Issue No 31, 12 June 2023

By: Anthony O. Ives

A previous article [1] introduced the concept that it was not possible to take the square root of a negative number. However, the solution to this problem is quite simple you just use an imaginary number 'i' to represent the square root of a negative number and treat it like you would any unknown number. When imaginary numbers are combined with other numbers (known as real numbers) that are not imaginary numbers such as the type of ordinary numbers most people are familar with they are called complex numbers. Imaginary and complex numbers have important applications and a lot of technology would not be possible without them. For helicopters imaginary and complex numbers are needed for control and stability analysis as well as aircraft control systems, but beyond helicopters they are used for analysing alternating current, vibrations, etc.

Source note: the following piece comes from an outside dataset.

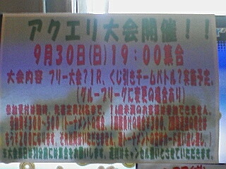 http://www.taito.co.jp/gc/details/134.html 大会内容 フリー大会?1R、くじ引きチームバトル?(グループリーグに変更の場合あり)実施予定 参加受付は随時。先着定員24名まで。16歳未満のお客様は参加できません。 参加費¥300〜500(トーナメントの場合、1回戦負けの場合¥300、2回戦進出の場合はもう¥200になります。それ以降はいただきません。逆トーナメントの方はカード払い出し無し。) ※大会当日は30分前には集合をお願いします。遅刻はキャンセル扱いとさせていただきます。

Usually in engineering especially electrical and electronical engineering 'i' is not used to represent imaginary numbers to avoid confusion with current as 'i' is usually used to represent current, so typically in engineering 'j' is used to represent imaginary numbers. So therefore:

\[ j = \sqrt{-1} \]

You can simplfy the square root of a negative number by taking the square root of the number in the same way as you would if it was positive, see example below.

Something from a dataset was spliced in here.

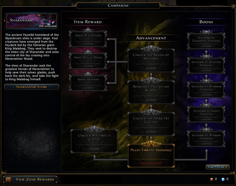 První dostupnou kampaní je Sharandar. Účast v tomto systému vám přinese postupné otevření celé nové zóny Sharandar, vstup do nového dungeonu Malabog's Castle, 5 pasivních skillů (boonů), speciální enchantmenty, companiona a vybavení související s dějem prvního modulu Fury of the Feywild.

\[ \sqrt{-16} = \sqrt{16} \sqrt{-1} \]

\[= \sqrt{16} j = 4j \]

The arithmetic operations with imaginary numbers are more or less the same as they with other numbers:

\[16j + 2j = 18j\]

\[6j - 4j = 2j\]

Multplying two imaginary numbers gives you a real number however, multiplying three imaginary numbers gives you an imaginery number the examples below will hopefully demostrate why this is the case.

\[j^2 = j \times j \]

\[= \sqrt{-1} \times \sqrt{-1} \]

\[= -1\]

\[ 16j \times 4j \]

\[= 16 \sqrt{-1} \times 4 \sqrt{-1}\]

\[= -64\]

\[j^3 = j \times j \times j \]

\[= \sqrt{-1} \times \sqrt{-1} \times \sqrt{-1} \]

\[= -1j \]

\[ 2j \times 4j \times 7j \]

\[= 2 \sqrt{-1} \times 4 \sqrt{-1} \times 7 \sqrt{-1} \]

\[= -56j \]

Therefore an imaginary number to the power of an even number will give a real number, but an imaginary number to the power of an odd number will give a imaginary number as below:

\[j^2 = -1\]

\[j^3 = -1j\]

\[j^4 = 1\]

\[j^5 = 1j\]

etc....

Note all also that the sign will change as was discussed in a previous article [1], see references [2] and [3] for an explanation of indices. As already discussed if you combine an imaginary number with a real number you get a complex number as in the examples below:

\[34 + \sqrt{-16} = 34 + 4j\]

\[-3 + \sqrt{-4} = -3 + 4j\]

\[10 - \sqrt{-49} = 10 - 7j\]

A later article will discuss quadratic equations and ploynomials. Quadratic equations and ploynomials can in certain circumstances have complex numbers as their roots. Complex numbers often come as conjugate pairs particularly as roots of polynomial equations. Conjugate pair of complex numbers is a pair of complex numbers when multpied together give a real number. Doing arithmetic on complex numbers is similar to adding any numbers together with unknown numbers such as the example below:

\[(10-7j) + (34+4j)\]

\[ = 44-3j\]

\[(10-7j) - (34+4j) \]

\[ = -24-13j\]

However, multiplying complex numbers together is a little bit more complex:

\[(10-7j)(3+4j)\]

\[ = (10)(3+4j)+(-7j)(3+4j) \]

\[ = (30+40j)+(-21j-28j^2) \]

\[ = (30+40j)+(-21j+28j) \]

\[ = 9+68j \]

The multiplication method for complex number is the same as used for quadratic and ploynomial equations, in future articles on quadratic and ploynomial equations we will discuss it in more detail but a conjugate pair of complex numbers multiplied together give a real number:

\[(10+7j)(10-7j)\]

\[ = (10)(10-7j)+(7j)(10-7j) \]

\[ = 20 -70j + 70j -49j^2 \]

\[ = 20 + 49 = 69 \]

So a conjugate pair of complex numbers is two almost identical pair of complex numbers with the exception the sign of the imaginary number is different. Conjugate pairs of complex numbers will be discussed in more detail in future articles on quadratic and ploynomial equations.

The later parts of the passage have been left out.